An hour or so later… NO ONE HAS CALLED… I recall the E-M-E-R-G-E-N-C-Y number and speak to a guy who was truly unimpressed with his job and did not give a rats a-s that I was cold, hungry, and annoyed.. I very nicely asked the status of my “OFFHOURS” person as I had yet to receive a call. He acted like I was interrupting him, and matter of factly stated, “We have been trying to get ahold of the “OFFHOURS” person, we call every half hour and they have yet to respond.” I thanked him and asked him to continue to reach them.... he ended the call with something to the effect of, “Is there anything else I can help you with and have a nice day”.. ...

SERIOUSLY?? HAVE A NICE DAY? Are you kidding me? I am livid and on my third or was that fourth glass of wine.. Bessie looked warm enough and I was quite warm because my blood pressure was up.. and contrary to popular belief if you are in a plane crash a bottle of liquor is important!.. (dont ask it was on a survival test).

SO I WAIT.. and WAIT SOME MORE.. Joe gets home, I brief him, WELCOME HOME honey.. I’m going to bed… at this point I can hear Joe talking with the E-M-E-R-G-E-N-C-Y number people again… and it doesn’t sound pleasant… I pass out. …and wake to the SHRILL sound of my cell phone ringing at 10:30pm or so and it was the “OFFHOURS” person…It appears “OFFHOURS” Dude will be at our house in the am.

ITS NOW THE AM... the house is 52 degrees INSIDE.. I tried to wash up... I now have frost bite...do you realize how COLD well water is when not heated?...I dont feel the cold anymore.. i have lost all feeling in all my extremities... miserable, an understatement... I have had no breakfast, no coffee, and on the verge of a mental throwdown... Florida has made me SOFT!.. I toss Bessie into the truck and headed to mom and dads leaving Joe to deal with the “OFFHOURS” dude… WELCOME HOME JOE..

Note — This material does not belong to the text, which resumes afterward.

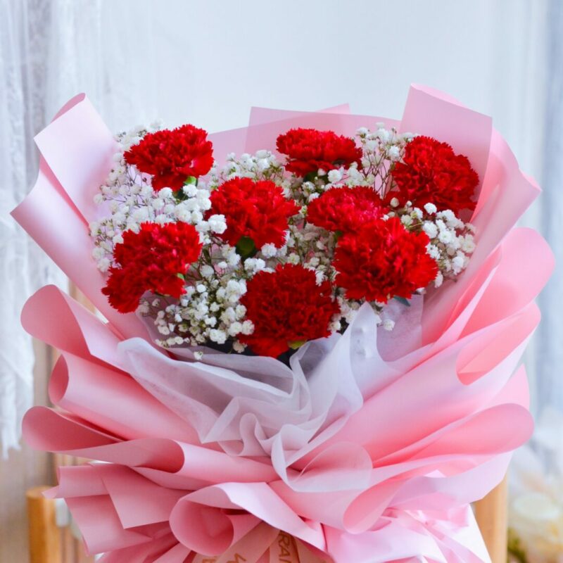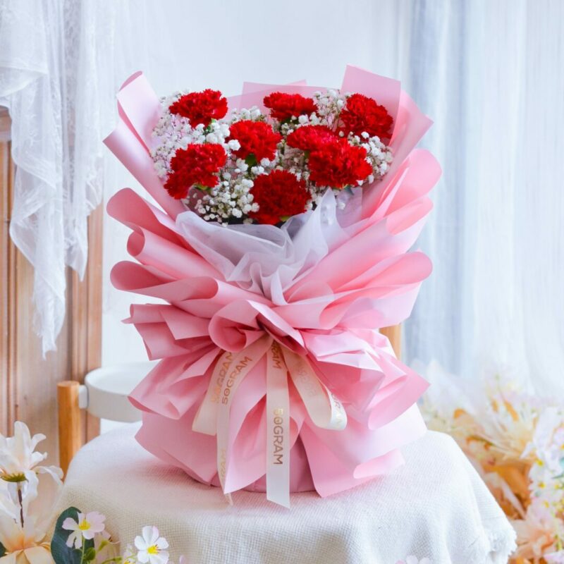 Passionate Love Red Carnation Hand Bouquet

End story: so there was NO LEAK (of course not), the guy mentioned (under his breath) that they were behind on deliveries and that is probably the reason we ran out of fuel (NO REALLY)… So everything is FINE (gee thanks)… the service is BACK ON (no really thanks)… and the house is attempting to warm itself up…if anyone mentions snow, ice, or the cold in any format other than BAD.. I will hunt you down... life is good?

Friday, December 17, 2010

Rehoboth Marathon 2010


December 11, 2010
Somehow I once again convinced joe that it’s a great idea to drive 2+hours in order to run 26.2 miles in 36 degree weather. Either I have really great persuasion powers or he's just really unintelligent (kisses)....originally the plan was to get up at 3am, drive to Rehoboth, run marathon, drive home.. but the ole man said that was not to his liking and we had to do option B: drive down late the night before, stay in cheap hotel, run marathon, then drive home.

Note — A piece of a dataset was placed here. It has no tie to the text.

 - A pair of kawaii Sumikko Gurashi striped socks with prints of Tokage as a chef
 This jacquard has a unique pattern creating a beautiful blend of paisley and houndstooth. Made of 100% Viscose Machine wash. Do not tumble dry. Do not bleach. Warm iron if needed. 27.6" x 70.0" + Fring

I am not sure what it is about the Rehoboth Marathon but this is the 3rd time we have done this race and twice we were feuding prior to the start. “...and how come you didn’t wait for me you asshole!?” “screw you beeach”… its just another wonderful morning in Mastripolito happy land. Next time I am so going to bring one of those light box things so when he starts, CLICK in his eyes, seasonal dysfunctional disorder... NICE BOY…

My intention for Rehoboth this year was to run it as a long run, no racing, just training. What was Joe’s intention? Not sure.. I tried to give grump a pep talk but like I said.. light box...

The start was great, other than the bitter cold, it’s a fast course and we lucked out with no wind.. and off we go. The first 3 miles flew by and I looked at my watch and UH OH… 25 mins… too fast tart… I clear 5 miles.. 43 minutes.. SHEETAH… stupid pet tricks.. yeah lets see how far this will get you.

Joe says I have a short attention span.. although normally I would agree, today... running for 4 hours and 41 minutes with no music and not a lot of happenings...nah.. I did get the unawarded honor of being "best dressed"…

Around mile 15 my knee locked up.. like I damn near fell over.. uh oh.. I stopped to stretch.. um… didn’t realize how much it was really hurting until about mile 18 when thoughts of morphine and chainsaws came to mind..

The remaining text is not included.